8. Reserved Control Prefix ($ws:)

  • User message types cannot start with $ws: (enforced at schema registration).
  • Internal control frames ($ws:abort, $ws:ping, etc.) filtered before validation.
  • Prevents user-defined message type from colliding with protocol frames.

Alternatives Considered

  1. Expose ctx.progress() primitive: Adds API surface; reusing ctx.send() + auto-correlation is simpler.
  2. RPC-specific hooks (onAuth, onBefore, onAfter): Reuse existing middleware pattern with ctx.isRpc flag—less API growth.
  3. Automatic RPC error retry: Moves policy to core; better as pattern/middleware with per-app retry logic.
  4. Soft deadline enforcement: Server auto-closes RPCs past deadline; may interrupt cleanup; timeouts are client-enforced instead.
  5. Public abort control messages: Expose $ws:abort to applications; simpler to keep internal—don't expose protocol internals.

Consequences

Benefits

  • Reliability: Abort, backpressure, and deadlines prevent resource leaks and cascading failures.
  • Type Safety: Structured errors + typed code field integrate with client exception handling.
  • Composability: One-shot guard and isRpc flag enable middleware (auth, idempotency, rate-limit) without core bloat.
  • Non-breaking: Existing non-RPC routing unaffected; RPC is opt-in via rpc() schema.
  • Performance: Minimal overhead; RPC state tracked per-correlation (O(1) lookups).

Risks / Trade-offs

  • Complexity: One-shot tracking adds modest code (offset by fewer handler bugs).
  • Control Protocol: $ws: prefix reserved; users cannot define messages starting with it (documented, runtime-enforced).
  • Deadline Semantics: Client-supplied timeoutMs used as hint; server derives deadline.

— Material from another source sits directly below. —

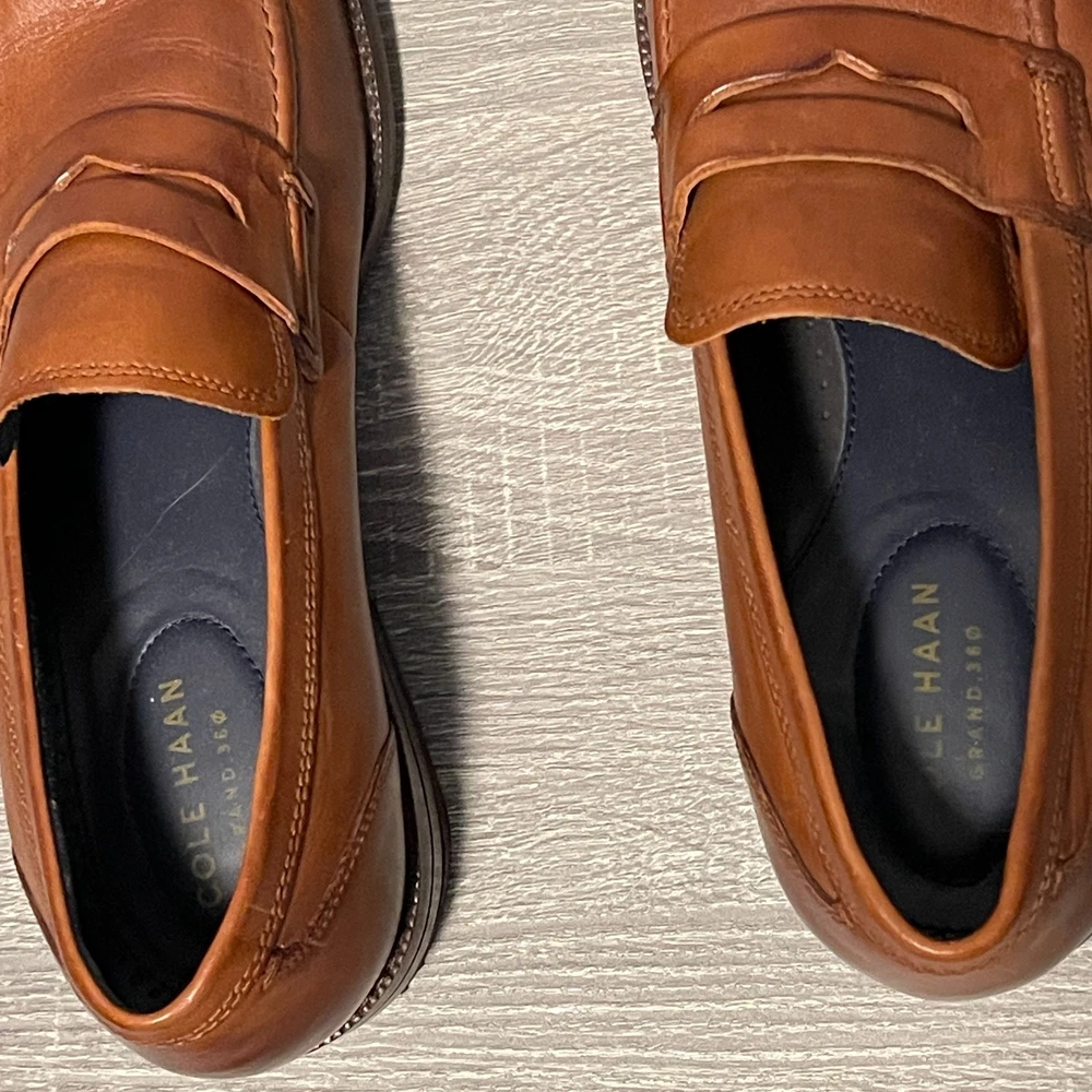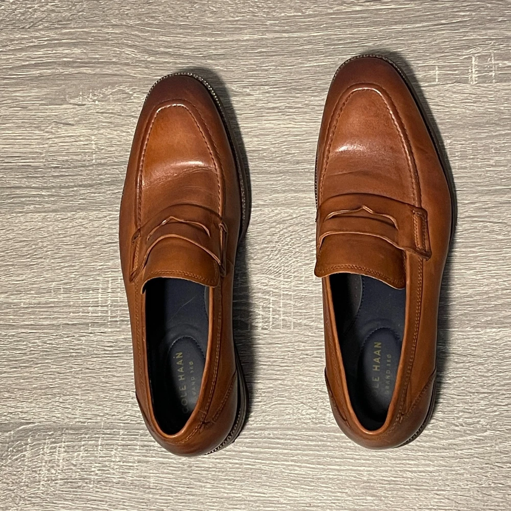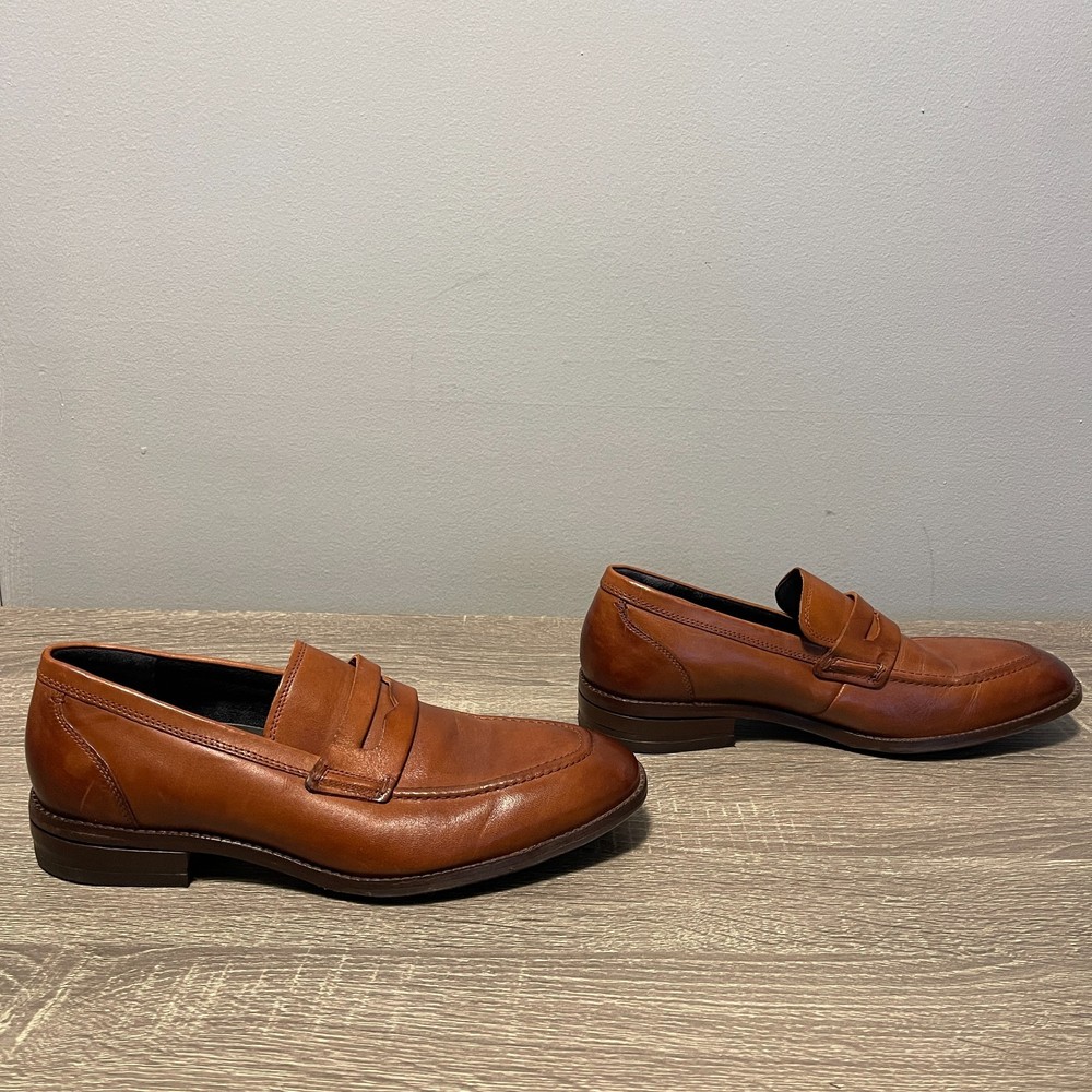 The Cole Haan Men's Grand 360 Warner Grand Penny Loafer in Brown is a stylish and sophisticated dress shoe for men. Featuring an almond toe shape and a slip-on closure, these loafers are crafted with leather lining and outsole material. The classic brown color and leather upper make them versatile for various seasons such as summer, fall, and spring. The Cole Haan Grand product line ensures quality and comfort, making these loafers a great addition to any man's wardrobe.

Clock skew could cause mis-calculation (mitigated by server-side derivation; documented).

Maintenance

  • RPC state map must be cleaned up on disconnect (done via handleClose()).
  • New test suite covers abort, one-shot, deadline, backpressure, validation (conformance tests prevent regressions).

References

  • RPC Helper: packages/zod/src/schema.ts:rpc()
  • Router RPC Impl: packages/core/src/router.tsrpcStates map, getRpcState(), cancelRpc(), etc.
  • Types: packages/core/src/types.tsRpcAbortWire, RpcErrorWire, ctx.isRpc, ctx.onCancel()
  • Constants: packages/core/src/constants.tsRESERVED_CONTROL_PREFIX, backpressure/timeout defaults
  • Specs:
    • docs/specs/router.md#RPC-Invariants (unicast, one-shot, validation→RPC_ERROR)
    • docs/specs/schema.md#Meta-Fields (timeoutMs, idempotencyKey, control prefix rule)
  • Future work: Client abort signal support, reconnect policy, idempotency middleware pattern.